Karma, Jñāna, and Bhakti: Vedic Dharma, Piety and Sin, and the Boat of Human Life
श्रीउद्धव उवाच विधिश्च प्रतिषेधश्च निगमो हीश्वरस्य ते । अवेक्षतेऽरविन्दाक्ष गुणं दोषं च कर्मणाम् ॥ १ ॥
śrī-uddhava uvāca vidhiś ca pratiṣedhaś ca nigamo hīśvarasya te avekṣate ’raviṇḍākṣa guṇaṁ doṣaṁ ca karmaṇām
သီရိ ဥဒ္ဓဝ က ပြောသည်— အို ကြာပန်းမျက်စိရှိသော ကృష్ణ၊ သင်သည် အမြင့်ဆုံး အရှင်ဖြစ်သဖြင့် အမိန့်နှင့် တားမြစ်ချက်တို့ပါဝင်သော ဝေဒကျမ်းများသည် သင်၏ အမိန့်တော်ပင် ဖြစ်သည်။ ထိုကျမ်းများသည် ကర్మ၏ ကောင်းမှုနှင့် အပြစ်ကို စိစစ်၍ ညွှန်ပြသည်။
At the end of the previous chapter, Lord Kṛṣṇa stated, guṇa-doṣa-dṛśir doṣo guṇas tūbhaya-varjitaḥ: “Focusing upon material piety and sin is itself a discrepancy, since actual piety means to transcend both of them.” Śrī Uddhava now pursues this point so that Lord Kṛṣṇa will give a more elaborate explanation of this difficult subject matter. Śrī Uddhava here states that the Vedic literatures, which constitute the laws of God, deal with piety and sin; therefore, it must be clarified how one transcends activities recommended in the Vedas. According to Śrīla Viśvanātha Cakravartī Ṭhākura, Uddhava suddenly understood Lord Kṛṣṇa’s purpose in the words He had just spoken, and to induce the Lord to elaborate upon this interesting point Uddhava outwardly challenged the Lord’s statement.

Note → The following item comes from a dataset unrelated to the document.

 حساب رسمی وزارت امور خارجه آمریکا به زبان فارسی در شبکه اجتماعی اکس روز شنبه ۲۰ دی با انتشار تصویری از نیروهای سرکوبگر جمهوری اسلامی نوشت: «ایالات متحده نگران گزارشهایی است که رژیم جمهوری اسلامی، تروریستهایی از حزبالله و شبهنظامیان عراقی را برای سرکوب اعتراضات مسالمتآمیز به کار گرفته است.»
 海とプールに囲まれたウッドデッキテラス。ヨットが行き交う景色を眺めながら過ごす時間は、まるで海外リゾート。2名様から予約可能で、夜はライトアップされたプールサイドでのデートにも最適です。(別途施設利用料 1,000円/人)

This verse states that the Vedas—being the Lord’s own ordinance—teach both what should be done and what should be avoided, evaluating actions by their merit (guṇa) and fault (doṣa).

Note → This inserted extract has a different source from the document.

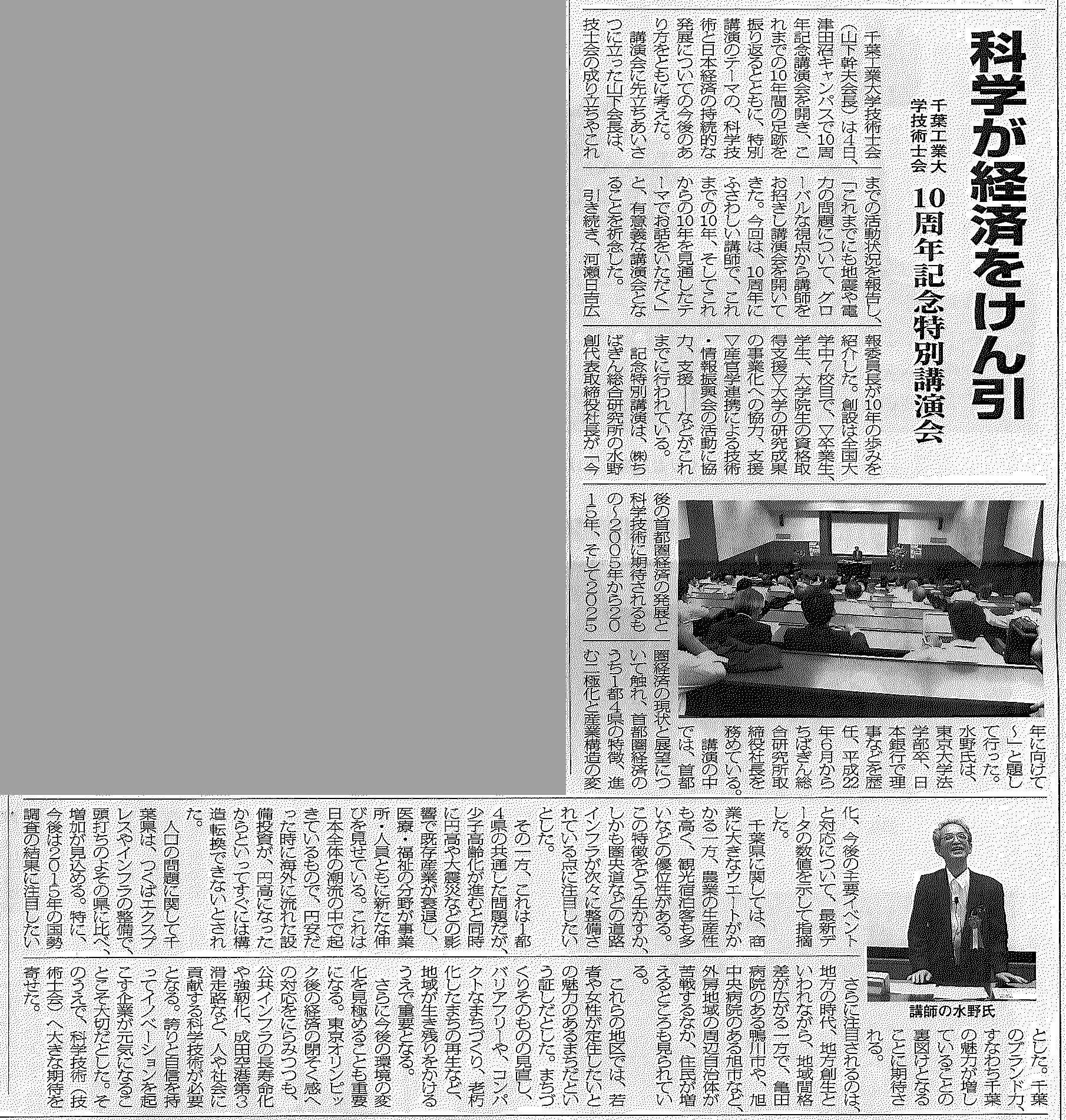| 《開催目的》 | 10周年の節目を迎える千葉工業大学技術士会は、建学の精神「世界文化に技術で貢献する」を鑑み、師弟同行、師弟共生の教育目標を遵守し今日まで活動を行って参りました。 一方、世界経済がめまぐるしく激動する時代、科学技術がいかに経済社会活動に貢献できるかをテーマに捉え、今後も本技術士会が積極的な活動促進を図り、世界文化に広く貢献できる技術者集団としてより一層活躍することを目的にしたいと考えております。 そこで今回は、特別講演者として日本の中枢において金融界に大きな成果を上げてこられました、ちばぎん総合研究所 取締役社長 水野 創様(元日本銀行理事)をお招きし、「今後の首都圏経済の展望と科学技術に期待されるもの」について、これまでの10年間、そしてこれからの10年を展望し、幅広い知見をお伺いしたいと企画いたしました。 |

Uddhava is seeking clarity from Kṛṣṇa about how scriptural rules function—why the Vedas prescribe and forbid actions, and how to understand the good and bad results connected with karma.
Use śāstra-guided principles to evaluate choices: adopt actions that cultivate virtue and devotion, and avoid habits that produce harm and moral decline—especially in the distractions of Kali Yuga.